Records for processing ▸
= Beginning of Section =

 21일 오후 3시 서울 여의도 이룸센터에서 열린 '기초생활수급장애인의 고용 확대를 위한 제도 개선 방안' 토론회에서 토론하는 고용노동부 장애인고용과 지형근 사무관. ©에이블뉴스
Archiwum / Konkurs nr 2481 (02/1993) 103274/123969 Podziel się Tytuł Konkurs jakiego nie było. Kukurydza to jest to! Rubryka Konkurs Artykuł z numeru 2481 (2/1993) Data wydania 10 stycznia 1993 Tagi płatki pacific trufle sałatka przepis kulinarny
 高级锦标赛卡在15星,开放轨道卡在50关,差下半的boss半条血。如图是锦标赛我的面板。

= End of Section =
= Beginning of Section =

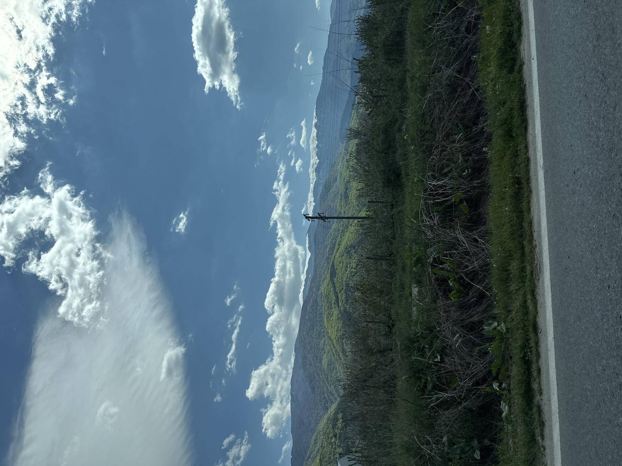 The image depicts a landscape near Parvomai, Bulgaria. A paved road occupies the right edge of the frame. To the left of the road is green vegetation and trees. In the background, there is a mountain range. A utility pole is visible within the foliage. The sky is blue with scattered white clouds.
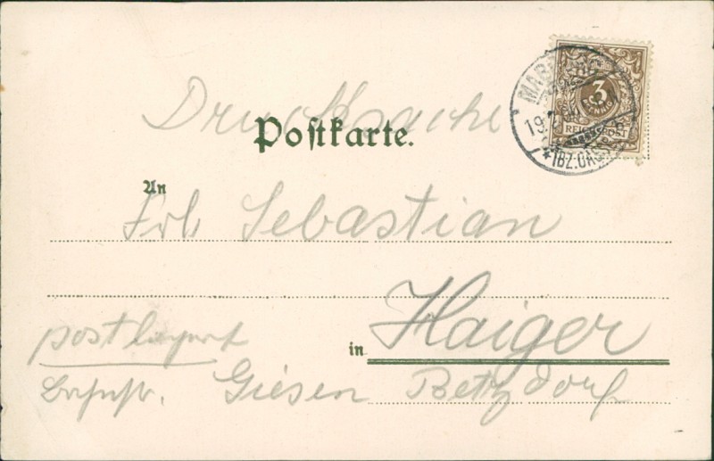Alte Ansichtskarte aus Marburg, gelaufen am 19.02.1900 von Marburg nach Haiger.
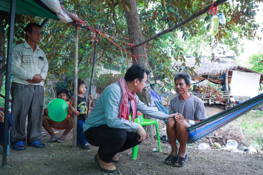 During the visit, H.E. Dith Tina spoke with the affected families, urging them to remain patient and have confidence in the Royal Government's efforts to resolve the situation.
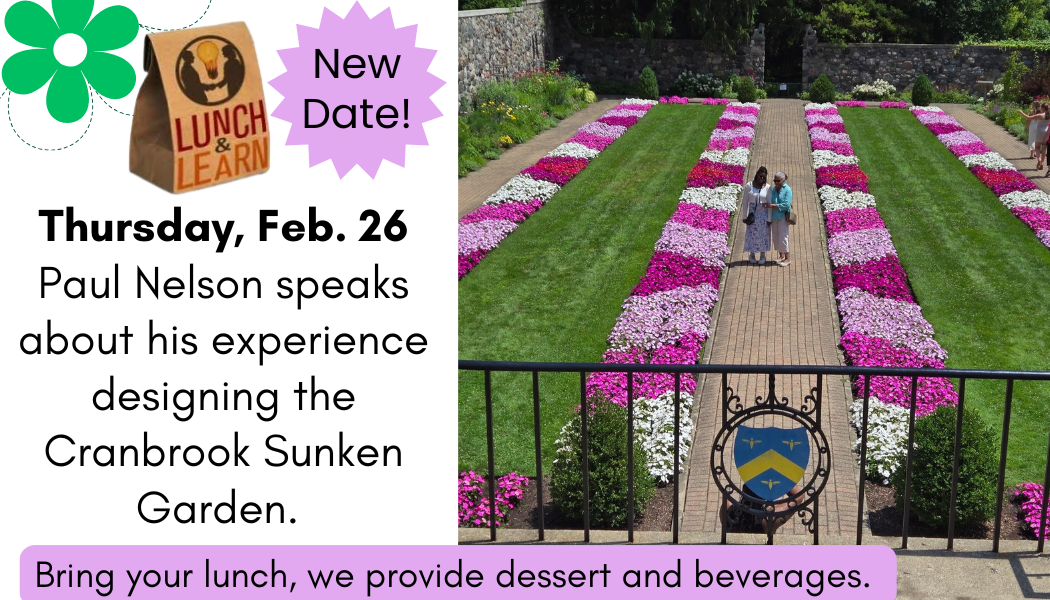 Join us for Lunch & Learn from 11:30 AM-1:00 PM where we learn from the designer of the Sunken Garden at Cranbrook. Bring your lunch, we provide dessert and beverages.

= End of Section =
= Beginning of Section =

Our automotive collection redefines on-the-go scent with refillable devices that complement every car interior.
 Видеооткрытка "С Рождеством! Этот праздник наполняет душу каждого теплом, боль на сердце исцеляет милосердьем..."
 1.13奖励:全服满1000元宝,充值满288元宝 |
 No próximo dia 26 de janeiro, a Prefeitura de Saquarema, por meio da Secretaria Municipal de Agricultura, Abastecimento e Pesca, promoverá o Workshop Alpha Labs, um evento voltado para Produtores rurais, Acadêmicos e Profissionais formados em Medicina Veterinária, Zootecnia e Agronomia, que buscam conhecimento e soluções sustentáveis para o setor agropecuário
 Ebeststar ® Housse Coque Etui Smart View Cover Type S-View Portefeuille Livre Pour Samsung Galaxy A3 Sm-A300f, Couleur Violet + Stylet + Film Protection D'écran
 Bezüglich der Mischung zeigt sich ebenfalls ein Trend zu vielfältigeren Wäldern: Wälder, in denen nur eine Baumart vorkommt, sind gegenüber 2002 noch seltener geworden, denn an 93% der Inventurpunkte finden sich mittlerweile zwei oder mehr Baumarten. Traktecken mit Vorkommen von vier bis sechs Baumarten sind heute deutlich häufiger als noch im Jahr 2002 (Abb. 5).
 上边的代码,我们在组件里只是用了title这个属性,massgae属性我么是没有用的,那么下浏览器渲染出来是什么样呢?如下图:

= End of Section =

Aim of the task ▸
The required answer is the run of lines above, starting at the line with "1.13奖励:全服满1000元宝,充值满288元宝 |" and ending at the line with "No próximo dia", reproduced exactly with both ends.

Result of this exercise ▸
 1.13奖励:全服满1000元宝,充值满288元宝 |
 No próximo dia 26 de janeiro, a Prefeitura de Saquarema, por meio da Secretaria Municipal de Agricultura, Abastecimento e Pesca, promoverá o Workshop Alpha Labs, um evento voltado para Produtores rurais, Acadêmicos e Profissionais formados em Medicina Veterinária, Zootecnia e Agronomia, que buscam conhecimento e soluções sustentáveis para o setor agropecuário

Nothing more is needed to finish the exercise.